In this report, we implement the sign and zero restrictions algorithm from Arias, Rubio-Ramı́rez, and Waggoner (2018), extend it with narrative restrictions from Antolı́n-Dı́az and Rubio-Ramı́rez (2018) and hierarchical priors from Giannone, Lenza, and Primiceri (2015). We replicate the result in the original paper using the US data, then apply the algorithm to the Australian data and found that the conclusion of optimism shock does not drive business cycles holds in the Australian economy. Furthermore, the conclusion is robust to (1) a narrative restriction on pessimism shock during the Covid-19 pandemic and (2) imposing a hierarchical prior on the shrinkage parameter \(\lambda\).

References

Antolı́n-Dı́az, Juan, and Juan F Rubio-Ramı́rez. 2018. “Narrative Sign Restrictions for SVARs.” American Economic Review 108 (10): 2802–29.
Arias, Jonas E, Juan F Rubio-Ramı́rez, and Daniel F Waggoner. 2018. “Inference Based on Structural Vector Autoregressions Identified with Sign and Zero Restrictions: Theory and Applications.” Econometrica 86 (2): 685–720.
Beaudry, Paul, Deokwoo Nam, and Jian Wang. 2011. “Do Mood Swings Drive Business Cycles and Is It Rational?” National Bureau of Economic Research.
Fisher, Jane RW, Thach D Tran, Karin Hammarberg, Jayagowri Sastry, Hau Nguyen, Heather Rowe, Sally Popplestone, Ruby Stocker, Claire Stubber, and Maggie Kirkman. 2020. “Mental Health of People in Australia in the First Month of COVID-19 Restrictions: A National Survey.” Medical Journal of Australia 213 (10): 458–64.
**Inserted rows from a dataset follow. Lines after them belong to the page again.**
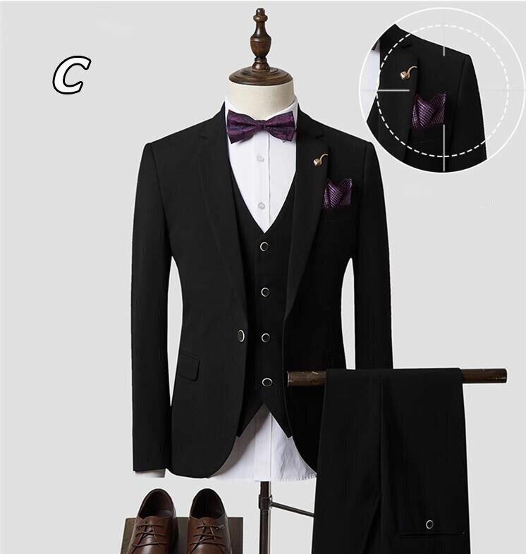 メンズビジネススーツ、スリーピース 上下セット、小さいサイズから大きいサイズまで、スリムフィットで快適に着用いただけます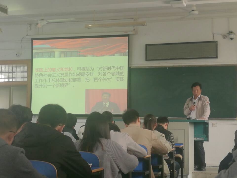 10月29日上午,51吃瓜网 党委书记陈飞应邀为同学们讲授党课第五讲。陈书记带领同学们剖析了十九大精神的内核。陈书记将习近平总书记的讲话概括为“对新时代中国特色社会主义发展做出战略安排,对各个领域的工作作出总体谋划和部署,把‘四个伟大’实践提升到新的境界”,同学们加深了对党的十九大精神的理解。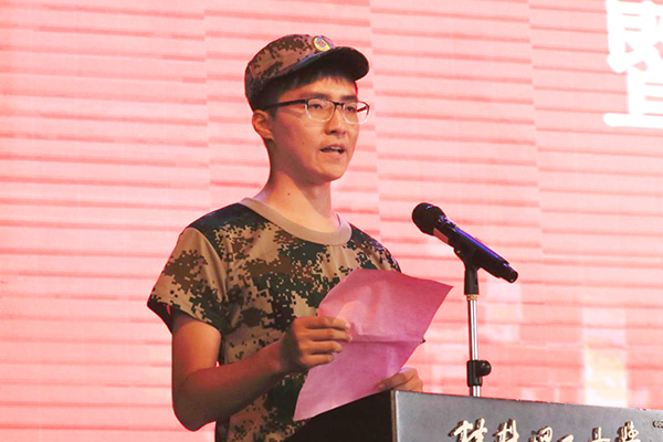 新生代表电气与电子工程系建筑电气与智能化专业付锦洲同学发言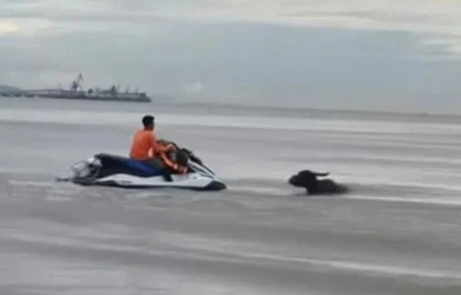 Giải cứu đàn trâu trôi dạt trên biển Cửa Lò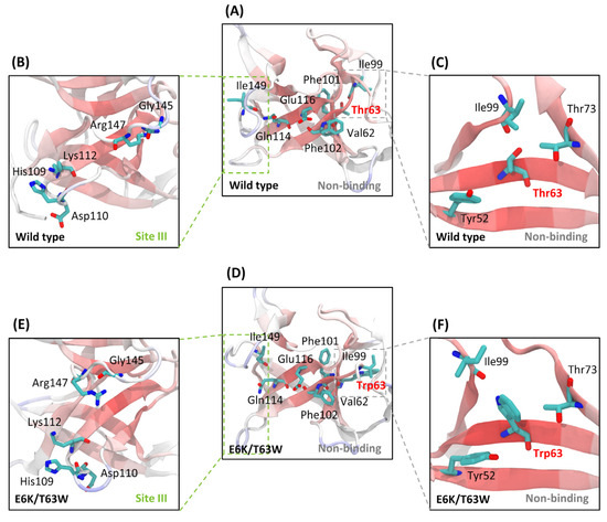 The effects of the 63rd residue cavity modification. Changes in the wild type and E6K/T63W structures were explored at the non-binding region (A,D), binding site III (B,E), and the 63rd residue cavity (C,F). Binding site III and the 63rd residue region were linked by Val62, Phe101, Phe102, Glu116, Gln114, and Ile149, which involved conventional H-bonds of the non-binding region. While binding site III loops of E6K/T63W were shifted from wild type, the 63rd residue cavity of E6K/T63W (Trp63/Thr73/Ile99) was larger than the wild type (Thr63/Thr73/Ile99).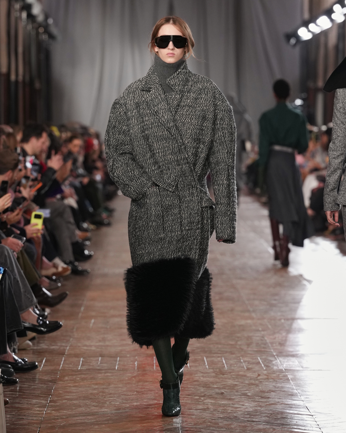 今回のコレクションでは、カジュアルとフォーマル、昼と夜の境界を行き来するスタイリングが特徴的です。メンズウェアに着想を得たテーラードジャケットやコートは、タックやダーツ、シャーリングによって身体に寄り添うよう再構築されました。ウエストラインを強調したシルエットへと昇華されています。袖には立体的な構造が与えられ、ボリューム感のあるフォルムがアクセントとなりました。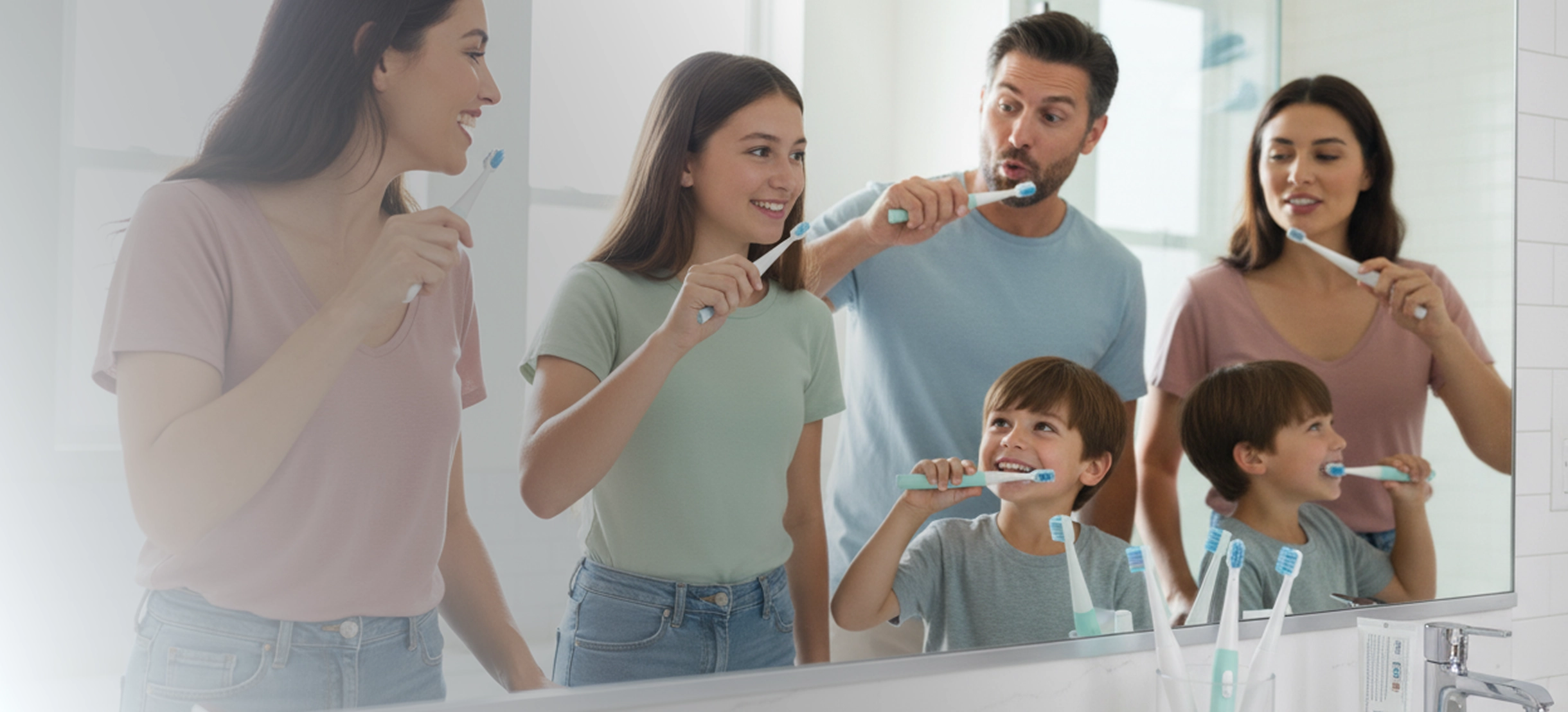 Great habits stick. Attach your toothbrush to the mirror and free up precious sink space.

Giannone, Domenico, Michele Lenza, and Giorgio E Primiceri. 2015. “Prior Selection for Vector Autoregressions.” Review of Economics and Statistics 97 (2): 436–51.
Kilian, Lutz, and Helmut Lütkepohl. 2017. Structural Vector Autoregressive Analysis. Cambridge University Press.
Rubio-Ramirez, Juan F, Daniel F Waggoner, and Tao Zha. 2010. “Structural Vector Autoregressions: Theory of Identification and Algorithms for Inference.” The Review of Economic Studies 77 (2): 665–96.